Warning: Character death, angst, the usual… Not to mention possible OOC-ness.

Disclaimer: I don't own D. Gray-Man. I don't even know the basic storyline to it.


When he smiles… I imagine what you would look like, your cold face smiling for me and me alone.

When he holds my hand… I think about what your strong hands would feel around mine.

I made sure I never looked at the photo albums. I kept away from conversations about you. I've tried to forget everything about you.

And yet… I'm with the one person who reminds me the most of you. I thought that maybe time would erase you from my mind and put another in my heart. Time, it seemed, was the one thing I have too much of and you didn't have enough of. I remember cursing the world we were born into; the world where no good dead went unpunished, the bad continued to grow in power, and there was nothing that any of us could do about it.

And then he showed up. Your best friend, the one who always called you by your first name, despite how much you loathed it. He became a comfort to me. He stood by me when I was at my loneliest. But even so, through loneliness, my memory became the sharpest it's ever been. I remember the cold stares you'd give everyone, the appalling remarks you'd make about people on the rare occasion you'd talk, the constant sound of "che" following after the sound of your fading footsteps.

But by a cruel twist of fate, you're the only one who can cure me of this gnawing loneliness inside me. Nobody, not Allen, not Komui, not even Lavi.

Sometimes, I wonder what life would've been like if I'd told you. Maybe we could've been together. Maybe we could've had memories together. Maybe you could've learned to love me as much as I love you. All these maybes… They seem to scorn me now. If I'd been able to muster up the courage to be brave… Maybe then I wouldn't have to live with the regret of never telling you how much I loved you everyday for the rest of your prematurely ended life.
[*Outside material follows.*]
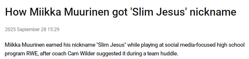 穆里宁在接受采访时表示:“去年春天,我在Cam Wilder的RWE队打球。一次训练后,他在投半场球,之后我们聚在一起,他和球员们聊天时突然说:‘我们是不是该叫这小子‘瘦耶稣’?昵称差不多就是这么来的。” 。

Maybe... is a word for the weak.

When he hugs me… I wonder what it'd feel like, being enveloped by your strong arms.

When I walk with him… I wish that I could've had the chance to have walked with you, our footsteps fading away together. Away from our problems, away from our grief, away from the sickness that inevitably took you away from me.

I wonder how could I have fallen for a cold, heartless person like you. You used to never speak unless it was to put someone down. Your eyes would never look at someone with nothing less of a frigid gaze. You treated people like they were less than you because in your mind, they were less than you.

That kind of mindset… It should've repelled me from you, but no. For some reason, I was as drawn to you as ever. Even though you never knew, I made promises to myself to keep you safe. I made promises to one day tell you how I feel. I made promises to be the one in your heart as you were the one in mine.

And yet… I couldn't even stop you from dying. I wasn't strong enough.

Kanda... Wherever you are… Please, forgive me for breaking my promise.

I'm so sorry.


A/N: Wow, first request fic! Not too proud of it since it feels too much like my NamIku one. That, and since I've never actually seen D. Gray-Man, I don't really know if I got everyone's personality right. :S Oh, well. If the requester person lady is happy, I'm happy. :D Hope you liked it, Oathy!

Oh, and this isn't beta'd, so any mistakes are my own. Just wanted to get a story out there after being dead [no pun intended] for a while.